健太はエリスに尋ねたが、エリスは妄想の世界に浸り、一人でニヤニヤするだけで健太の言葉は聞こえていなかった。


「エリス、聞こえてる?」


「えっ?」


「昼ごはんは遅くなるけど長野に着いてからにするか、長野に着くまでに列車内で食べとくか訊いたんだけど」


ここで、エリスは現実世界に戻ってきた。


「朝ごはんも大した物を食べてないし、昼ごはんは早く食べておきたいわ」


エリスは列車内で食べるのを希望した。


(いけない、いけない、あまり今夜の事ばっかり考えていたら、健太に怪しまれるわ)


エリスは今夜の事を考えるのをやめて景色を見る事にした。しかし、岡山駅に着く前である新幹線はトンネルに入っており、景色を見たくても見る事が出来ない。そうなると、どうしても妄想が頭の中に広がってくる。


しかたないので、エリスはポケットからスマホを取り出し、やりたくもないゲームを始めた。


「景色を見ないのかい?」


横から健太が訊いた。


「トンネルばっかりで景色が見えないじゃない」


「岡山県内はトンネルが多いからなぁ」


健太は他人事のように言ったが、エリスは妄想を頭の中から追い出そうと必死だった。


エリスはスマホのゲームに集中して、どうにか精神的には追い付いた。


列車は岡山駅でかなりの乗客を乗せ、健太とエリスの乗車している車両も過半数の座席が埋まっていた。列車は相生駅を通過して姫路駅に到着しようとしていた。

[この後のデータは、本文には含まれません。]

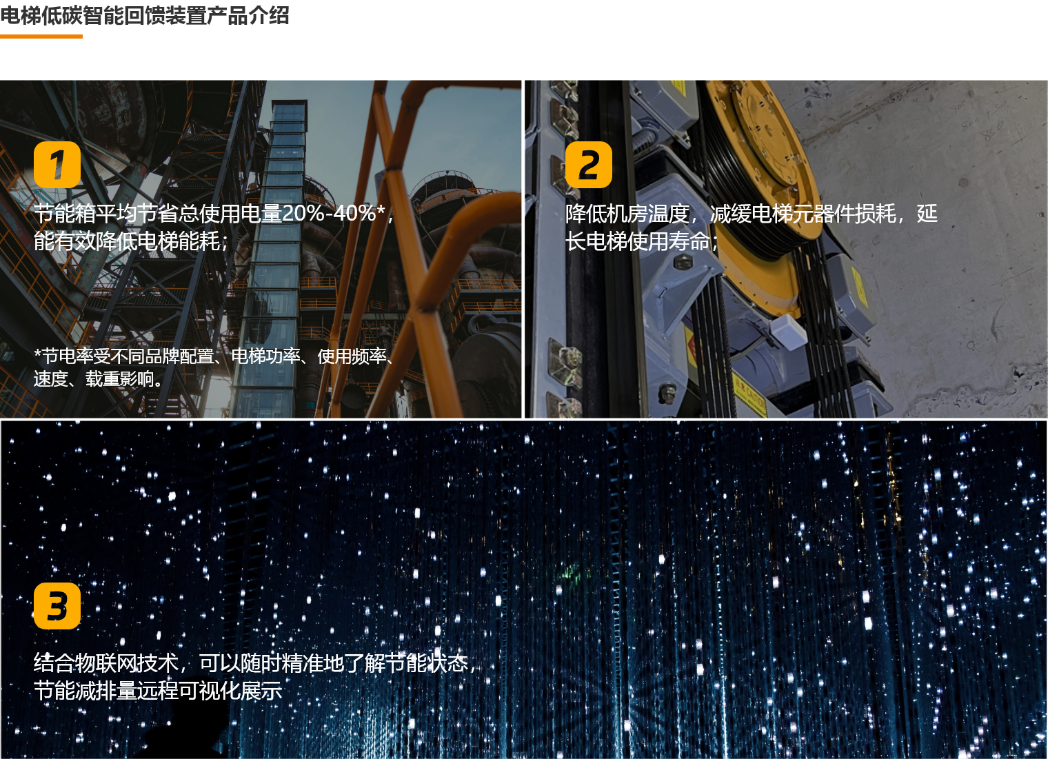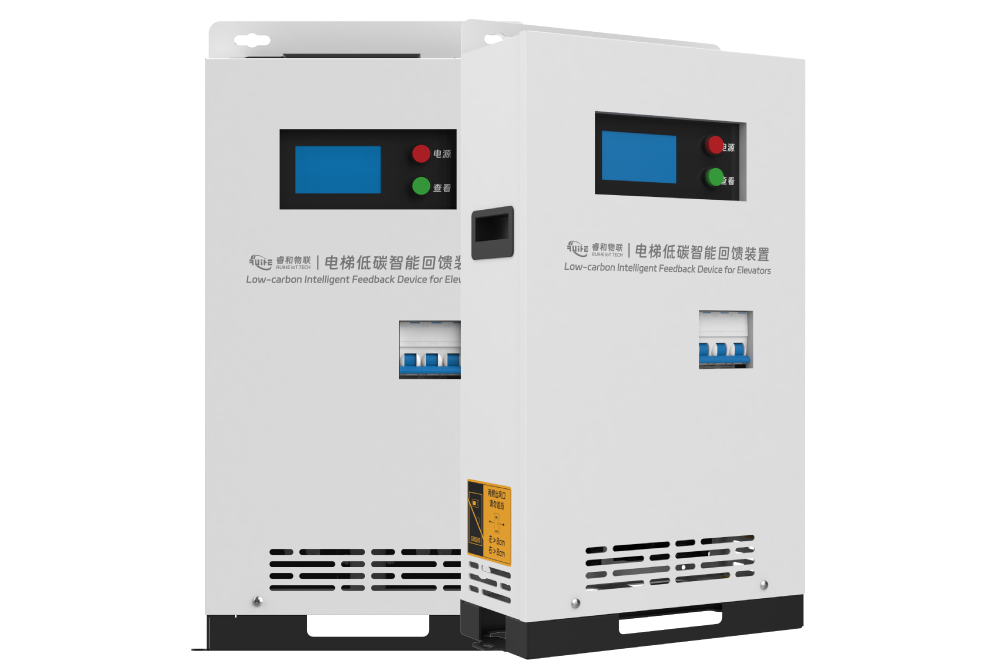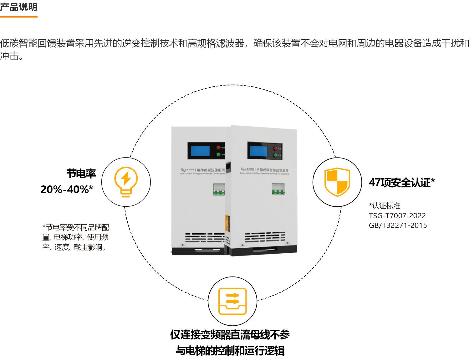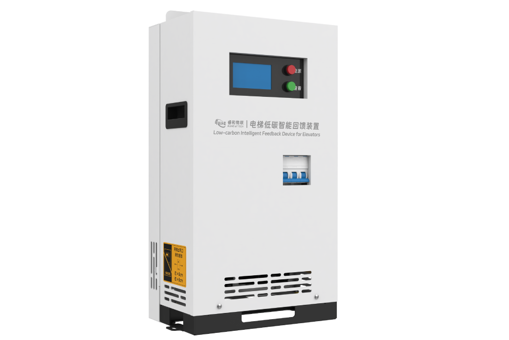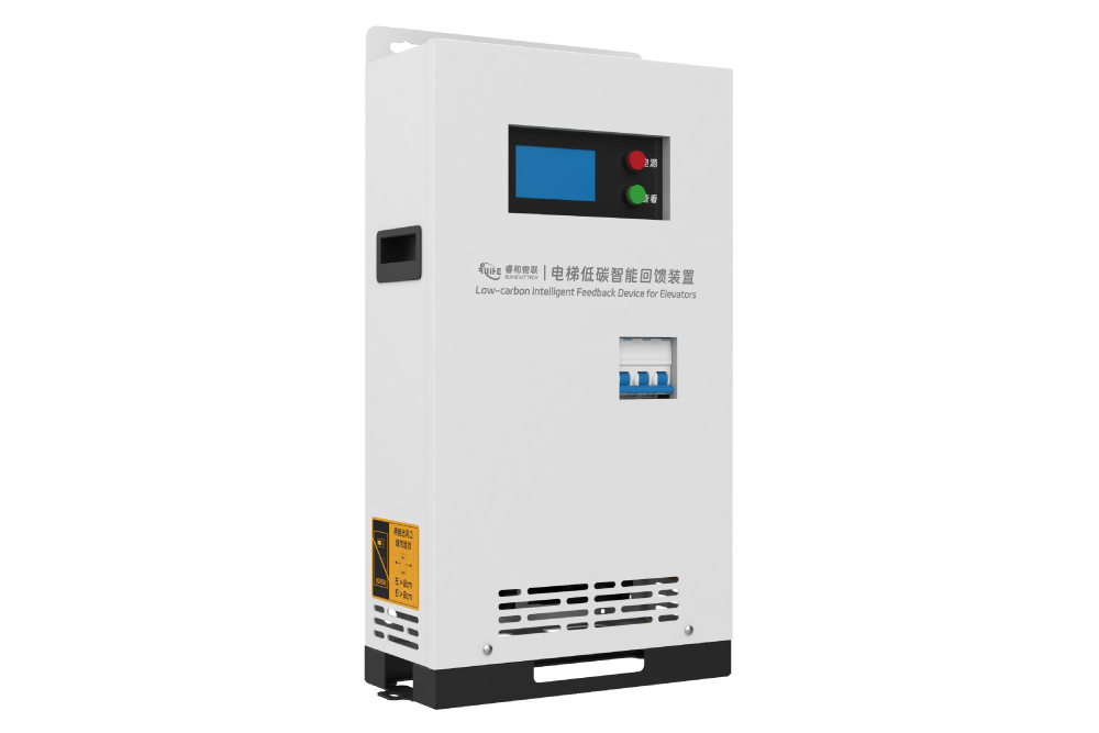 电梯低碳智能回馈装置自动检测电梯变频器直流侧母线电压,将变频器产生的直流电能回收、整流、逆变、滤波后形成与电网同频同相的交流电,并回馈到局域电网中,供周边设备用电,从而达到节能减排的目的。

「このあたりから、新神戸の手前まではトンネルがないから、景色を見るならちょうどいいよ」


健太がエリスに話しかけた。エリスはスマホの電源を落とし、窓の外に目をやった。


「トンネルばっかりだと退屈しちゃうわ」


エリスはようやく落ち着いて景色を楽しむ事が出来るようになった。


姫路駅で更に乗客を乗せて出発したのぞみ112号は兵庫県内をひた走る。


「ずっと遠くまで街が続いてるわ」


エリスが健太に言った。高いビルやマンションがほとんど無く、二階建ての住宅がどこまでも続いていた。


「加古川か明石あたりだな」


健太が景色を見ながら言った。


日曜日の朝、レジャーに出掛ける人が多いのだろうか、車窓から見える道路はどこも混雑している。


西明石駅を過ぎてもしばらく風景は変わらないが、突然山が迫って来てトンネルに入る、トンネル内で列車はスピードを落とし始めた。


列車がトンネルを抜けたところが新神戸駅である。新神戸ではいくらかの乗客が降り、それより多くの客が乗り込んで来た。


山と山との間のわずかな空間に建てられた新神戸駅を出発した列車はすぐにトンネルに入ってしまった。


長いトンネルを抜けると、列車はビルやマンション、住宅に工場と、様々な建物が立ち並ぶ街へと入って行った。


「見て、あんな所から飛行機が」


突然エリスが窓の外を指差しながら言った。健太がその方向を見ると、新幹線の線路から少し離れた住宅地の向こう側から巨大な飛行機が離陸していた。


「あぁ、あれは伊丹空港だな」


「あんな建物が立ち並ぶ中に空港があるの?」


「このあたりは、どこも建物があるからね」


「天上界だと、空港は街から離れた原野の中にあるんだけど」


「日本に何も使ってない平らな土地なんて、ほとんどないよ」


天上界は日本のように人口密度が高くなく、どちらかと言えばアメリカのような大陸的な風景だとは健太もエリスから聞いていた。


「あっ、今度は反対側から飛行機が降りて行くわ」


エリスが着陸する飛行機を見ながら言った。


そうこうするうちに、高い建物が多く見えるようになり、列車は速度を落として行き新大阪駅に到着する。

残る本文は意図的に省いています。